Make an exact copy of every entry below, with the pictures left out.

-.-.-

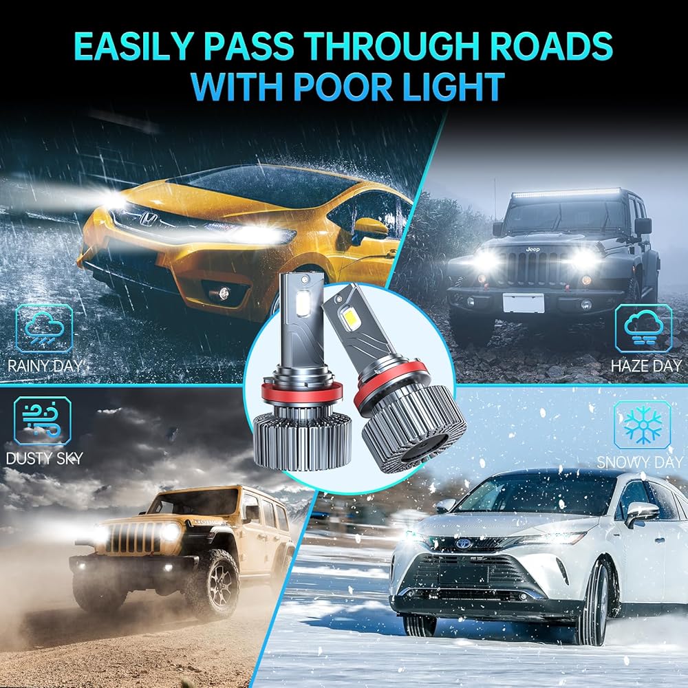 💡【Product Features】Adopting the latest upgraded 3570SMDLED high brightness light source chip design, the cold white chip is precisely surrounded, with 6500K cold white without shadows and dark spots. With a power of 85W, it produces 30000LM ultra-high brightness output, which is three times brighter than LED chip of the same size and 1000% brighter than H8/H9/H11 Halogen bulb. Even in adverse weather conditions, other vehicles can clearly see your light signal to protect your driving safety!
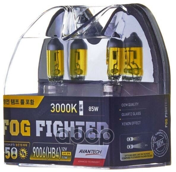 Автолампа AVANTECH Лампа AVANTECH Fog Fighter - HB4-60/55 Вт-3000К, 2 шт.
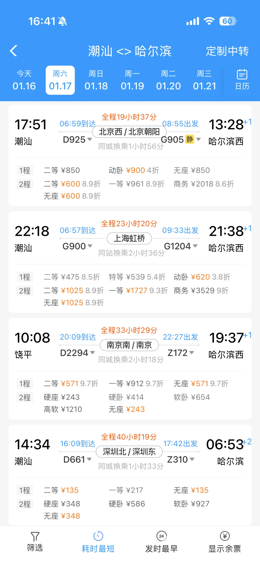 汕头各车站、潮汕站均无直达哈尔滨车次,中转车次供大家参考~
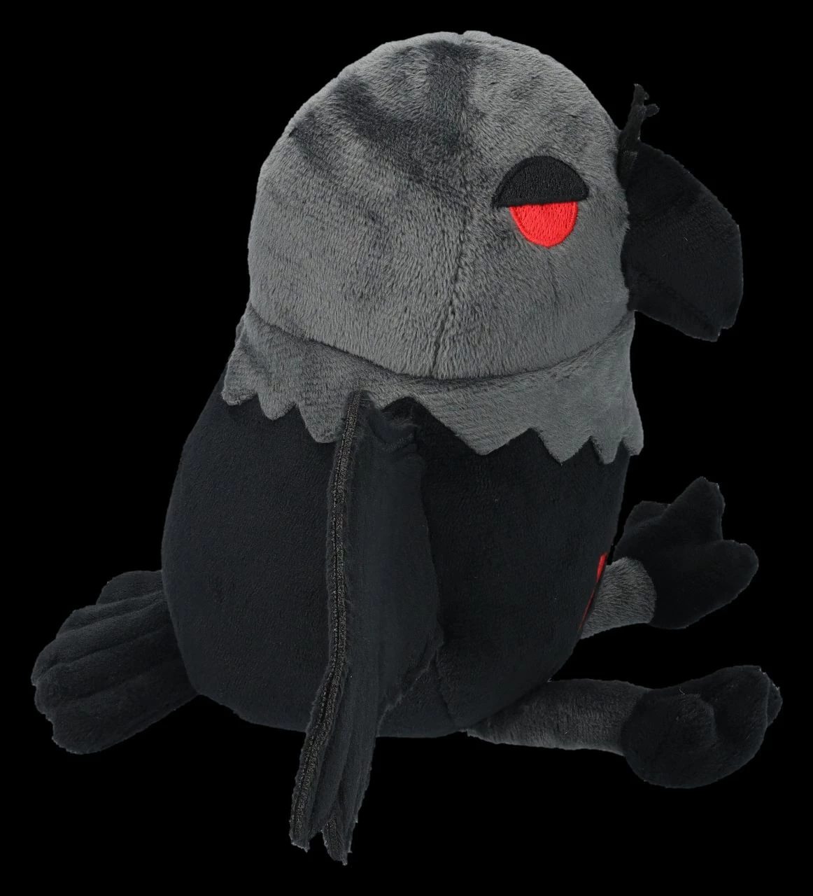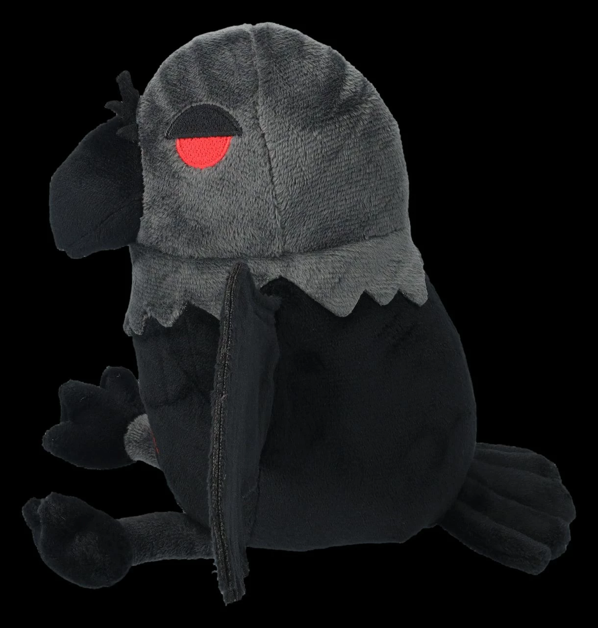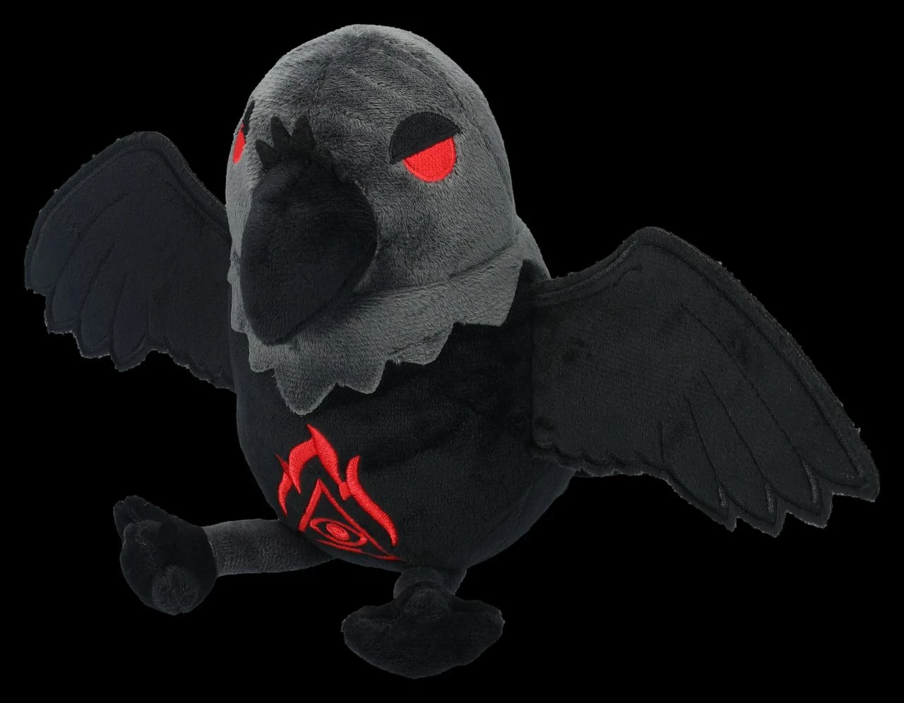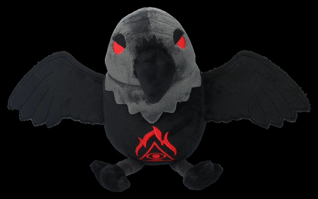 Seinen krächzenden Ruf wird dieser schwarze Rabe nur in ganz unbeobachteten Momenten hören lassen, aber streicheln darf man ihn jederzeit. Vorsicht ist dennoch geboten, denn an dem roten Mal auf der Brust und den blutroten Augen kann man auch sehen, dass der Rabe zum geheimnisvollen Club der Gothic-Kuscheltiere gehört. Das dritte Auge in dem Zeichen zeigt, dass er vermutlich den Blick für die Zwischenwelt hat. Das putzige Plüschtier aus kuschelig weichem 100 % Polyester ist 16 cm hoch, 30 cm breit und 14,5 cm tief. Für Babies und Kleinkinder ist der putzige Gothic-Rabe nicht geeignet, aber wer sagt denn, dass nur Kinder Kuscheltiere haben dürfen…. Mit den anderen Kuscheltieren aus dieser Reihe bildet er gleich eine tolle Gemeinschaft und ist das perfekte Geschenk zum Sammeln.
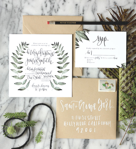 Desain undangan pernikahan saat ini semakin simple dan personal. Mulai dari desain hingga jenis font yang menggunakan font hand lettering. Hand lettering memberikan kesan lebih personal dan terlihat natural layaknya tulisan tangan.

-.-.-

▶ [ANSWER SPACE]
 💡【Product Features】Adopting the latest upgraded 3570SMDLED high brightness light source chip design, the cold white chip is precisely surrounded, with 6500K cold white without shadows and dark spots. With a power of 85W, it produces 30000LM ultra-high brightness output, which is three times brighter than LED chip of the same size and 1000% brighter than H8/H9/H11 Halogen bulb. Even in adverse weather conditions, other vehicles can clearly see your light signal to protect your driving safety!
 Автолампа AVANTECH Лампа AVANTECH Fog Fighter - HB4-60/55 Вт-3000К, 2 шт.
 汕头各车站、潮汕站均无直达哈尔滨车次,中转车次供大家参考~
 Seinen krächzenden Ruf wird dieser schwarze Rabe nur in ganz unbeobachteten Momenten hören lassen, aber streicheln darf man ihn jederzeit. Vorsicht ist dennoch geboten, denn an dem roten Mal auf der Brust und den blutroten Augen kann man auch sehen, dass der Rabe zum geheimnisvollen Club der Gothic-Kuscheltiere gehört. Das dritte Auge in dem Zeichen zeigt, dass er vermutlich den Blick für die Zwischenwelt hat. Das putzige Plüschtier aus kuschelig weichem 100 % Polyester ist 16 cm hoch, 30 cm breit und 14,5 cm tief. Für Babies und Kleinkinder ist der putzige Gothic-Rabe nicht geeignet, aber wer sagt denn, dass nur Kinder Kuscheltiere haben dürfen…. Mit den anderen Kuscheltieren aus dieser Reihe bildet er gleich eine tolle Gemeinschaft und ist das perfekte Geschenk zum Sammeln.
 Desain undangan pernikahan saat ini semakin simple dan personal. Mulai dari desain hingga jenis font yang menggunakan font hand lettering. Hand lettering memberikan kesan lebih personal dan terlihat natural layaknya tulisan tangan.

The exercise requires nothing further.